I could model one, two or three stars well enough using a naive numerical method. However, as I added stars, my model got slower. Much slower. It did not help when I switched to a more advanced computer. Though I had had no exposure to computational complexity, I recognized that something was up. And this is one of the great lessons that computer science teaches us: think about how the speed of your programs scale. Had I taken a good computer science class, I wouldn’t have been caught in a dead-end…
Let us fast-forward a couple of decades… Today I would never try to simulate a galaxy by considering the effect of each star of all other stars. I would recognize this as a dead-end right away, without thinking.
However, computational complexity accounts for less than 1% of the work I do when I program for efficiency. In practice, chasing efficiency (for me) is all about reducing the factors. The goal is hardly never to replace an O(N2) algorithm by an O(N) algorithm. The goal is to reduce the running time of a program by 50%.

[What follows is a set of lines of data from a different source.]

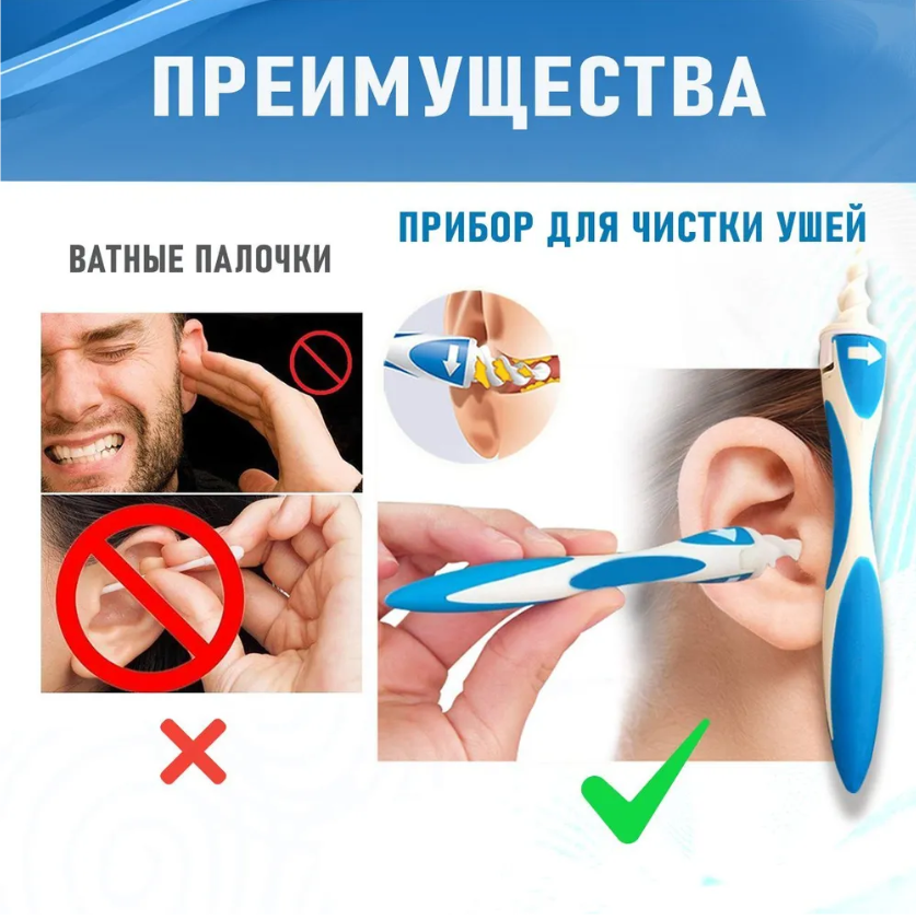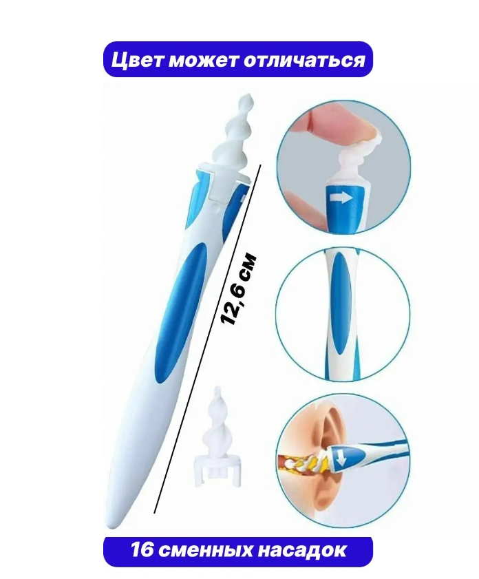 Многоразовый прибор для чистки ушей с насадками. интересное:
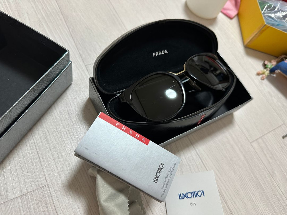 여행가면서 사서 한 번 사용하고 넣어둔 선글라스입니다. 케이스에 지문만 묻었고 선글라스는 기스도 없고 거의 새거입니다. 모델명 SPR17T 컬러 1AB-5S0 안구 사이즈 53mm 브릿지 사이즈 20mm
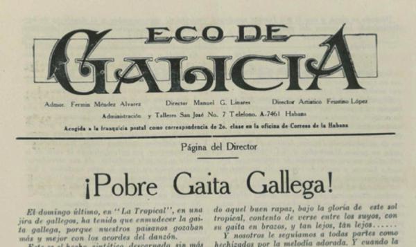What happened on Sunday in "La Tropical" has no name; it was a real defeat for the regional gaita. A young man from Ourense, who by the cut of his clothes showed that he had just arrived in these lands, was the bagpiper. He was a very well-known and appreciated young man among his compatriots; cheerful, jocund, "boisterous"; with that joy and good humour characteristic of Galician youth, and which is the most resounding lie to the reputation of being gloomy and hermetic hat fantasy novelists have given us. (…) The gaita wanted to be played again, but the stridencies of the metal and the booming of the timbalero, marking the first bars of a danzón, silenced it definitively. (…) The Galicians waited impatiently for the other danzón. The echoes of the gaita, which sang nearby, said nothing, sounded like nothing, did not reach the hearts of those sons of Galicia. Poor alician bagpipes! The bagpiper made a gesture and let his gaita deflate, the last sound of which sounded like a sob…
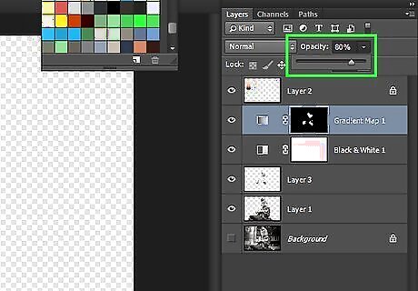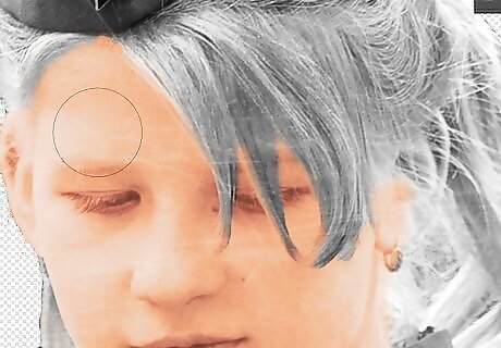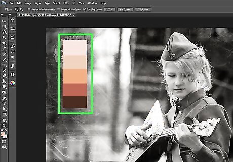 Start building a palette. This will be five skin tones that you will use. Press B for the Brush tool. Make sure the Opacity and Flow are at 100%. Hold down Alt and click on the lightest part of the face. Paint a 'swipe' or a 'stripe' of that color on the same layer. #* Hold down Alt and click on the darkest part of the face. Paint a 'swipe' or a 'stripe' of that color. Repeat the process for the midtones between the two and then repeat two more times, splitting the colors in half each time.

Why can’t computer science help us with constant factors? It can but computer scientists spend little time on the the key factors impacting efficiency: pipeline width, number of units, throughput and latency of the various instructions, memory latency and bandwidth, CPU caching strategies, CPU branching predictions, instruction reordering, superscalar execution, compiler heuristics and vectorization… and so on.

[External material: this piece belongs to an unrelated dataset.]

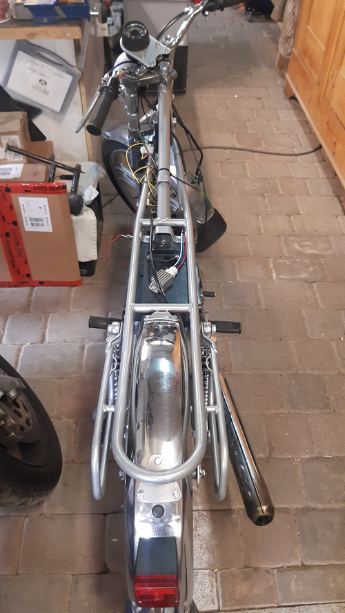 ich hab für den Bad Hersfelder Moped Marathon dann doch schnell den Corsa Corte Motor gegen einen normalen P4 mit dem 70 Kubik Polini Membranzylinder getauscht. Problem war da noch der Auspuff, also was zurechtgeschweißt und einen normalen 50er Auspuff draufgesteckt. Vergaser war der 19er drauf, den ich am Corsa Motor habe und geändert hab ich genau gar nix dran. Motor rein, Zündung vom Corsa Motor in den P4, so musste ich nix am Kabelgelerch ändern. Ritzel auch gleich, nix an der Kette geändert. Angekickt, läuft,hält Standgas, fährt. Kraft von unten raus, aber halt nur 55 Klamotten Spitze. 30 km Probefahrt, mehrmals die Kerze angekuckt. Eher zu dunkel als zu hell. Egal, besser so als oder so
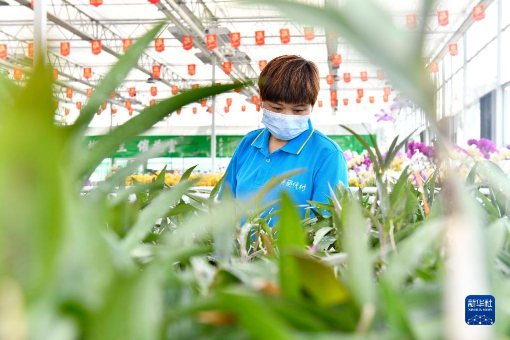 5月18日,在臨沂市蘭陵縣代村國家級現代農業示范園,工作人員在打理蝴蝶蘭。新華社記者郭緒雷攝

Sometimes, computer scientists will be even dismissive of such constant factors. For example, they may object that as computers get faster anyhow, investing in making your code run twice as fast is wasted effort. Thankfully, not all computer scientists have this attitude. Knuth famously wrote:
In established engineering disciplines a 12% improvement, easily obtained, is never considered marginal and I believe the same viewpoint should prevail in software engineering.
Knuth is correct by the way: if you get hired by Google and manage to improve the performance of a key system by 12%, you are probably in a good position to ask for a huge raise. The difference between running 100 servers and 112 servers can mean a lot of money. Shaving off 12% to the latency can be worth millions of dollars. You are much less likely to be able to replace a key O(N2) algorithm by an equivalent O(N) algorithm. Google engineers are probably good enough that opportunities to reduce the complexity are rare.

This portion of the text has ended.